A Great War D.S.O., O.B.E. group of eight awarded to Lieutenant-Colonel H. G. Monteith, Royal Army Medical Corps

Distinguished Service Order, G.V.R., silver-gilt and enamel, complete with top bar, obverse centre depressed; The Most Excellent Order of the British Empire, O.B.E. (Military) Officer’s 1st type breast badge, silver-gilt, hallmarks for London 1919; 1914-15 Star (Capt., R.A.M.C.); British War and Victory Medals, M.I.D. oak leaf (Lt. Col.); Defence and War Medals; Coronation 1937, these unnamed, very fine and better (8) £1200-1600

D.S.O. London Gazette 15 September 1915. ‘Capt., Royal Army Medical Corps (attached 2nd Battn. The Duke of Cornwall’s Light Infantry)’ ‘For conspicuous gallantry and devotion to duty in picking up and attending to the wounded under heavy fire in the actions near St. Jean and Wieltje, east of Ypres, between 23 and 27 April, 1915, when the casualties in the battalion to which he was attached were very heavy.’

M.I.D.
London Gazette 1 January 1916; 10 July 1919.

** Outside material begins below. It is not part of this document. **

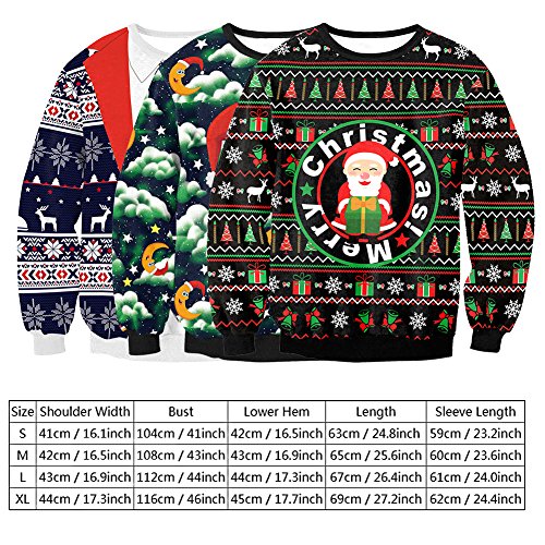 Specification: Item Type: Christmas Sweatshirt Materials: polyester spandex Color: multicolored Optional sizes: S, M, L, XL Package weight:345g Please allow 1-3cm error due to manual measurement. Thank you for your understanding.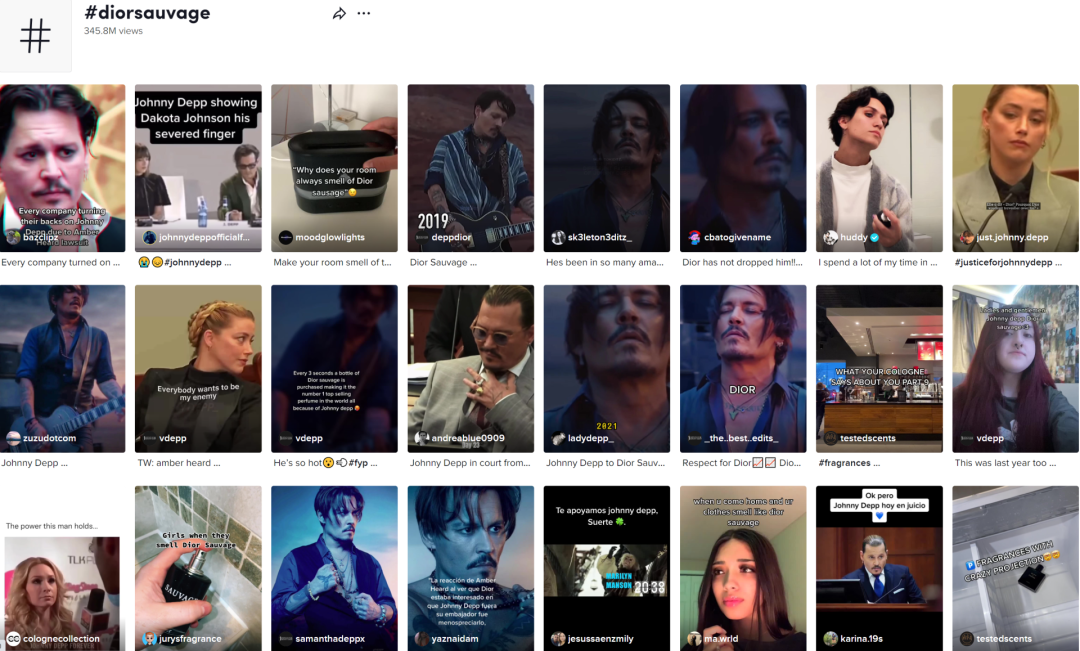 Tik Tok上#diorsauvage话题主页几乎是为德普的照片,该话题相关视频已被观看近3.5亿次。

Hugh Glencairn Monteith was born on 11 May 1883, the son of the Rev. John Monteith, of Moniave-Glenluiart, Dumfriesshire. He was educated at Fettes College and Pembroke College, Cambridge for the medical profession and joined the R.A.M.C. as a Lieutenant in July 1910, being promoted to Captain in January 1914. For his wartime services he was twice mentioned in despatches and awarded the D.S.O. and O.B.E. He played rugby for Cambridge, the London Hospital and for Scotland.